Sunday 31 May 2009

Free Newspapers - the beginning of the End? Kent on Sunday Charges 90 pence



Oh how I love Sunday mornings! A long, lingering breakfast with a pot of fresh coffee, lashings of toast and the Sunday papers.
I usually buy the Sunday Times, which costs two pounds. It’s quite a lot, but I justify it because there’s so much to read; all those supplements!
Oh, I nearly forgot! When I’m in the newsagents I always pick up a copy of the Kent on Sunday newspaper as well. I like the way it’s laid out, it has some interesting bits and pieces and best of all; it’s free.
Or at least it was until today.
This morning the newsagent didn’t have any Kent on Sunday’s in stock. “They’re charging ninety pence each for them”! He told me in an astonished and bitter voice. “I told them to get lost” he added.
Clearly he’d not been given any warning of this price hike and was not amused.
At first I didn’t believe him. Why would a newspaper that had built a successful business and large readership on the basis of giving away 100,000 free newspapers suddenly start charging? And if they did start charging, why a whopping ninety pence? Why not ten pence or twenty pence?
So I set off to Morrisons. Surely they’d have some copies. To my surprise they didn’t either! The man on the till told me, “We haven’t got any because they’re charging ninety pence for them. People aren’t going to pay that are they”?

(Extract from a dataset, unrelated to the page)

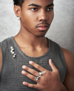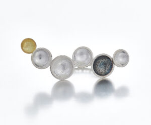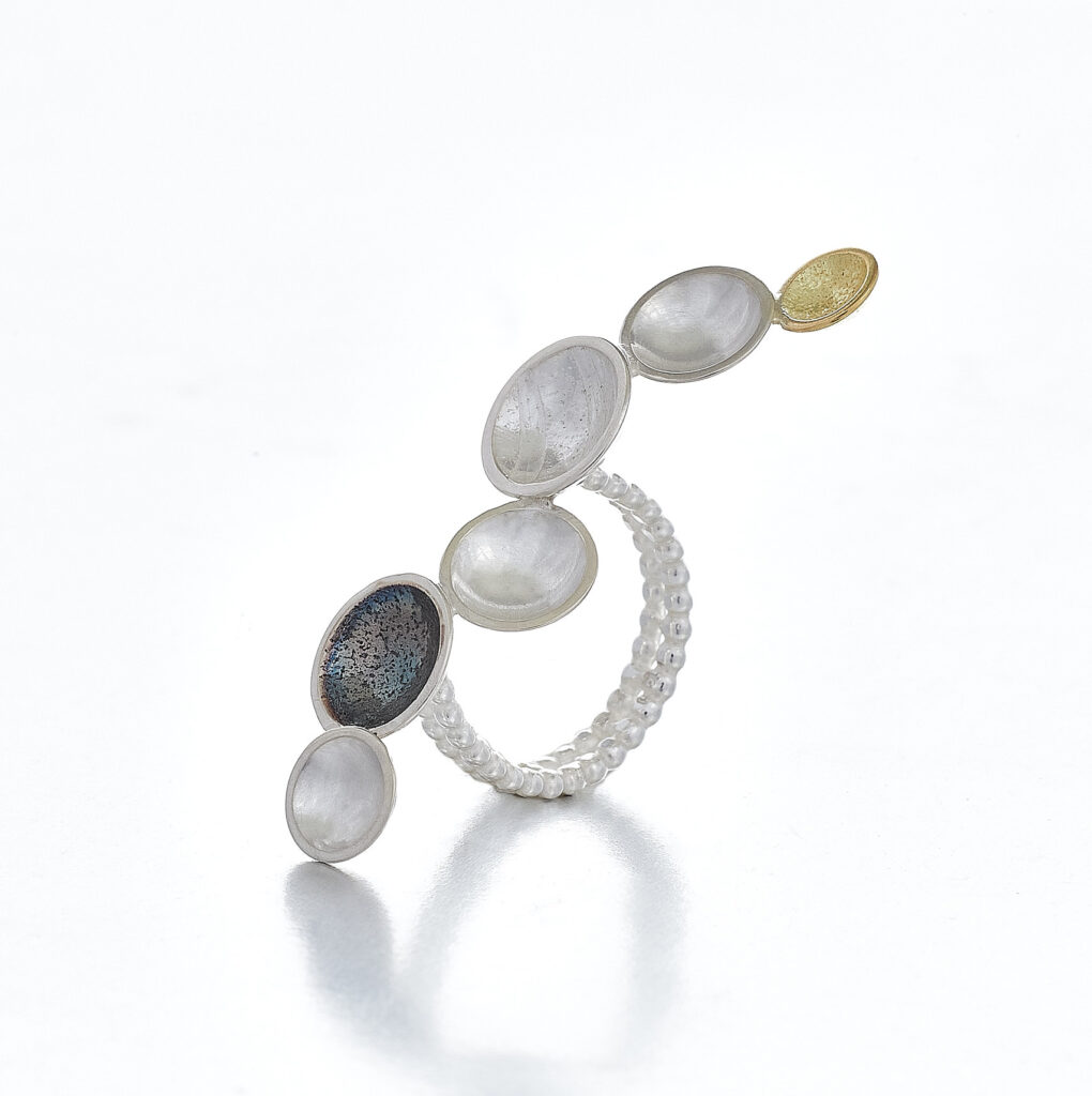 This ring is inspired by playful cloud formations where the smooth and textured silver and gold hemispheres are organically juxtaposed. The band is made from beaded wire and echos the repeated circles.

Intrigued, when I got home I went onto the Kent on Sunday’s website. No mention of the ninety pence charge here. But you can view a copy of the latest edition online and when I did, by zooming into the mast head there it was;
A deeper trawl of the internet revealed a short article on the website of the UK Press Gazette (the newspaper industry journal). It says that the Kent on Sunday is moving to a “part-paid and part-free” business model.
The reason apparently is the recession and the fact that KOS Media’s advertising revenues have been badly hit. So does this have implications for the hundreds of other free newspapers in the UK and elsewhere? KOS Media thinks it does.
The UKPG quotes KOS Media’s Managing Director Paul Stannard as saying, “As with any media company, if in the next four to five years we see the market decline at the same rate it has in the past six months, then everybody will be looking at their business model”.
This is an astonishing development.
For the last decade we have witnessed a deepening crisis in the newspaper industry. The Daily Telegraph for example has seen sales decline more than 18% over the last five years.
In the US it’s even worse. Readership is down by more than 30% and titles, including famous ones, are closing down. And then came the recession which has taken a baseball bat to newspapers’ advertising revenue.
But this decline has been partly offset by the dramatic rise and apparent success of free newspapers.
London for example is awash with them. It’s hard to get off a train without having the London Metro, the London Lite or thelondonpaper shoved into your hands. And the success of the freebies has had a punishing impact on paid titles like the London Evening Standard, which recently re-launched in a desperate bid to revive its flagging sales.
The free newspaper model appeared so successful that when a major survey of newspaper editors was carried out in 2008 it found most were convinced that free papers would eventually replace paid for ones all together.
The "Newsroom Barometer," conducted for the World Editors Forum (WEF) and Reuters found that a majority of editors (56 per cent) “believed news in the future will be free, up from 48 per cent from last year’s survey”.
The general mood was summed up by Ian Clark, general manager of News International Free Newspapers which publishes thelondonpaper (one of London’s free dailies). "Free papers are reversing the trend for decline in the paid-for sector," he said.
So are the problems at the Kent On Sunday a one-off, or a sign of a more widespread problem?
Sadly for the industry, it looks like the latter.
Recently the Financial Times reported that, “Not long ago, freesheets were seen as the nemesis of the paid-for newspaper. Now it seems at least as likely that the free newspaper model will be the first to fail”.
The article reported how “In the UK, Trinity Mirror and the rival Johnston Press, which between them publish around 230 freesheets, have both released dismal results. While Metro International, the world's largest publisher of free papers, has admitted it has breached debt covenants and did not have sufficient working capital for the next 12 months”.
And this is what makes my experience at the newsagents all the more profound. Are we witnessing the beginning of the end of the free newspaper revolution? The death of free newspapers? And if so, what is the significance to an industry which is already in crisis?